There’s a version of this I see constantly.
There’s a kid in every class who should be getting more good looks than he is. Good film. Solid stats.
A coach gets interested, pulls up the athlete’s Instagram… and finds 47 posts. All of them are highlights.
Every. Single. One.
No loss reactions. No carousels about life as an athlete off the court. No selfies with teammates.
In other words: no personality.
So, most likely, the coach keeps scrolling, looking for something to connect to.
I just had a conversation with a Top 30 Division I women’s basketball coach about this very thing.
He told me: “If I only see highlights on their social media, I have nothing to talk to them about. It makes it easy to pass over them in favor of another athlete who shares about other interests, or shows personality.”
That athlete may never have known they were even being considered. And certainly not why that consideration stopped.

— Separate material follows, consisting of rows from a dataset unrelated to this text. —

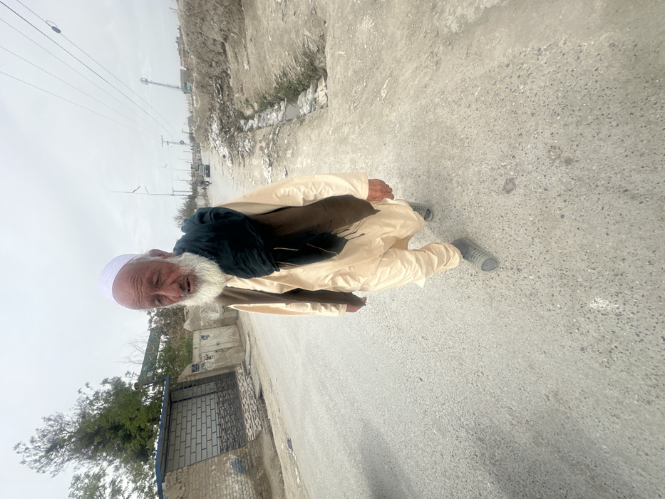 The image displays an elderly man walking on a paved road in Quetta City Tehsil, Pakistan, under an overcast sky
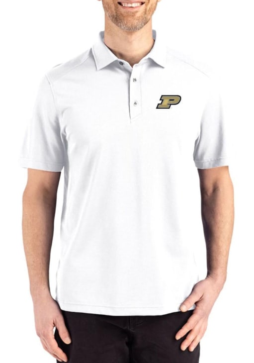 Mens Purdue Boilermakers White Cutter and Buck Advantage Refresh Short Sleeve Polo Shirt
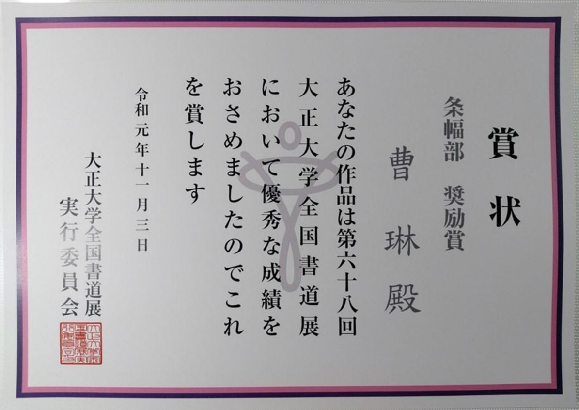 日前,日本大正大学主办的书法作品展落下帷幕,其中由曹琳女士选送的作品在众多书艺作品中脱颖而出,经过严格的初评、复评、终评以及内容审读,被组委会一致评为本届优秀作品,并入选展出。凭借对艺术表现力和创造力的深入理解,曹琳将传承传古典之雅的艺术坚守与创新表现得淋漓尽致,令人印象深刻的艺术实践一时被业界广为议论和赞叹!

Coaches aren’t just scouting your game. Remember, they’re trying to build a locker room full of human beings, not just athletic performers.
They’re trying to answer harder questions: Would I want to spend four years with this person? How will they handle adversity? Do they fit our culture?
Highlights don’t answer that. You have to.
I’ve worked with athletes at the high school, college, and pro levels, and spent 17 years as an executive inside NBA and NHL organizations. The athletes who stand out aren’t always the most talented. They’re the ones who feel like a known quantity before anyone picks up the phone.
That can happen through content, but not through the kind most athletes are currently posting.
What do you care about outside your sport? What does a tough loss do to you, and what do you do with it? Who’s in your corner? What’s your story?
One post every week or two that honestly answers any of those questions does more for your recruiting than your next highlight reel. Believe me.
Coaches follow athletes for months before they ever reach out. Give them someone worth following.